Pronounced “Leonard Skinner”: Five bands named after real or fictional educators
1. Lynyrd Skynyrd
As the leading proponent of good-old-boy Southern rock, Lynyrd Skynyrd isn’t the kind of band you’d expect to have liked school all that much. Granted, the group’s ’70s output is far more sensitive and intelligent than most people give it credit for—even though the band’s name was more or less a schoolboy-level parody of Leonard Skinner, a man who has gone down in history as the gym teacher whose militant anti-long-hair policy led to Skynyrd guitarist Gary Rossington eventually dropping out of high school. Free to focus on his burgeoning music career, Rossington eventually changed the name of his group to Lynyrd Skynyrd; its debut album, 1973’s (Pronounced 'lĕh-'nérd 'skin-'nérd), pointed out both the phonetic similarities and differences between its name and that of its namesake. The rest is history—and when Skinner died in 2010, the New York Times granted him the dubious posthumous honor of being “arguably the most influential high school gym teacher in American popular culture.”

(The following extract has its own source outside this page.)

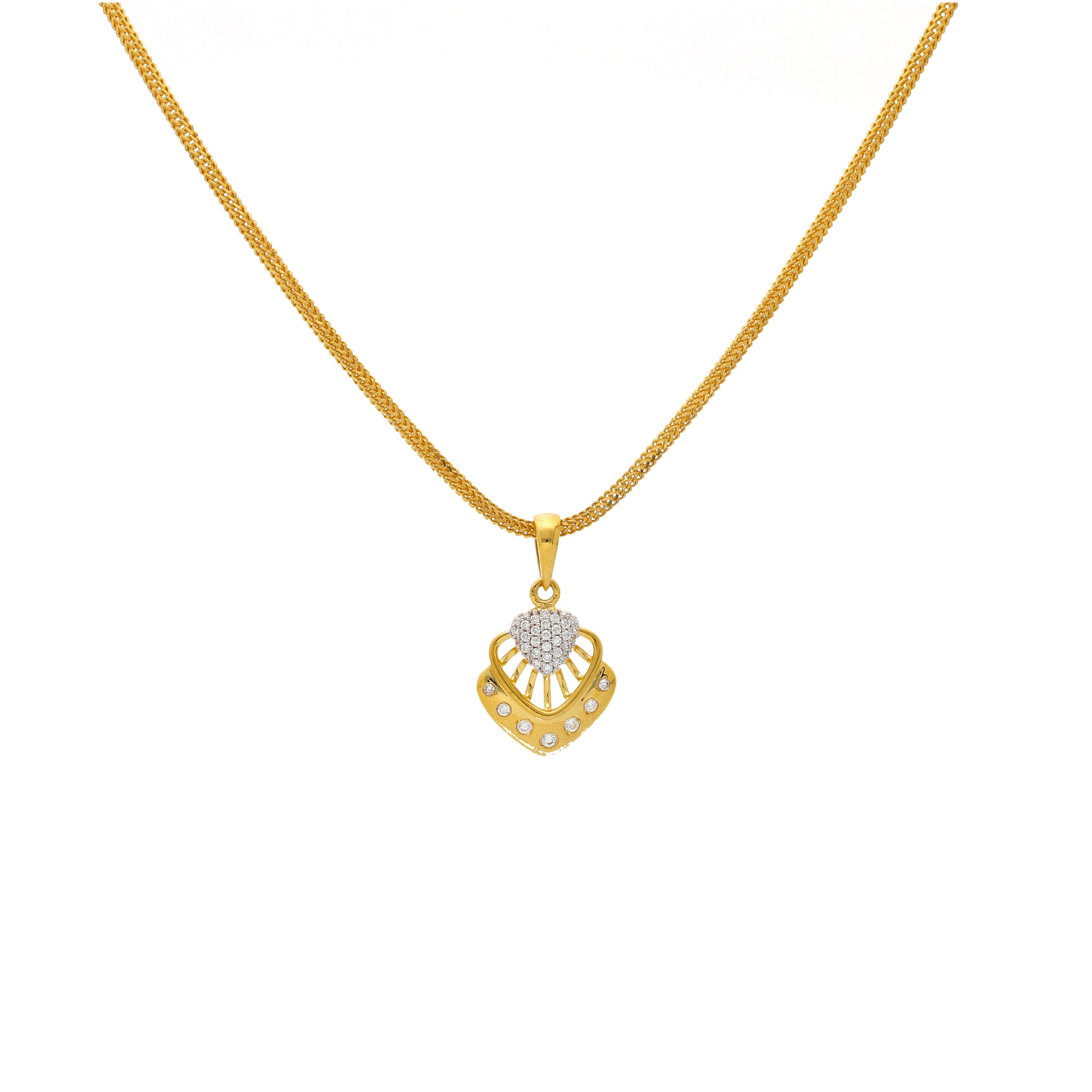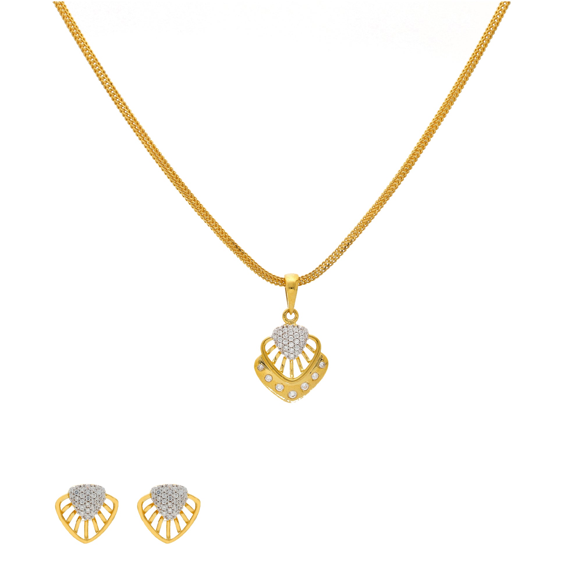 22K Yellow Gold & CZ Pendant Necklace Set (10.1gm)

2. Mr. Epp And The Calculations
Before Mark Arm was the leering, lunging frontman of grunge legend Mudhoney, he sang in Green River, a group that also featured former Pearl Jam members Jeff Ament and Stone Gossard. Before that, though, Arm wielded the guitar, skronking and occasionally shrieking his way through Mr. Epp And The Calculations. Formed while Arm was a student at Bellevue Christian High School in suburban Seattle, Mr. Epp was the epitome of shitty, sloppy, Flipper-esque punk bands—in other words, awesome. Making it even better was the fact that the group dubbed itself Mr. Epp in honor of its members’ high-school math teacher, the unwitting Mr. Epp.
3. Edguy
The public education system in Germany is purported to be one of the best in the world. That may or not be evident in the music of Edguy, a veteran power-metal group from the German city of Fulda whose albums over the past 20 years have been as rooted in symphony and history as they’ve been steeped in goofiness (see: “Lavatory Love Machine”). As befitting a band that takes its lack of seriousness very seriously, its name comes not from a Teutonic monarch or Lovecraftian Elder God—but from its members’ math teacher, Edgar Siedschlag. According to Edguy, the name is meant as an affectionate homage rather than a snarky one. Score one for German education.
4. Mister Loveless
The Bay Area indie-pop band Mister Loveless looks and sounds lighthearted and innocuous enough. That’s a large part of its charm. So it seems especially fitting that the video from “Wild Summer”—a standout track from the band’s 2012 debut album, Grow Up—was filmed in a school classroom, complete with a belligerent teacher. With all that in mind, though, it’s not hard to see that Mister Loveless is just a wee bit fixated on the subject of long-lost adolescence—a point that’s driven home by the fact the group itself was named after frontman Rob Miller’s sixth-grade teacher.
5. Rooney
With the benefit of hindsight, indie-rock group Rooney might have thought twice before naming itself after Mr. Edward R. Rooney, the ferociously ferret-like school principal and (and conniving villain) from Ferris Bueller’s Day Off. Not because Mr. Edward R. Rooney isn’t a great character—he is and always will be—but because Jeffrey Jones, the actor who played him, was arrested in 2003 for soliciting a 14-year-old boy to participate in child pornography, just as Rooney the band was gearing up to release its self-titled debut. The album didn’t suffer from the association, and Rooney’s bouncy power-pop has managed to survive. Still, it wouldn’t have hurt if the group had wound up being called, say, Mr. Hand instead.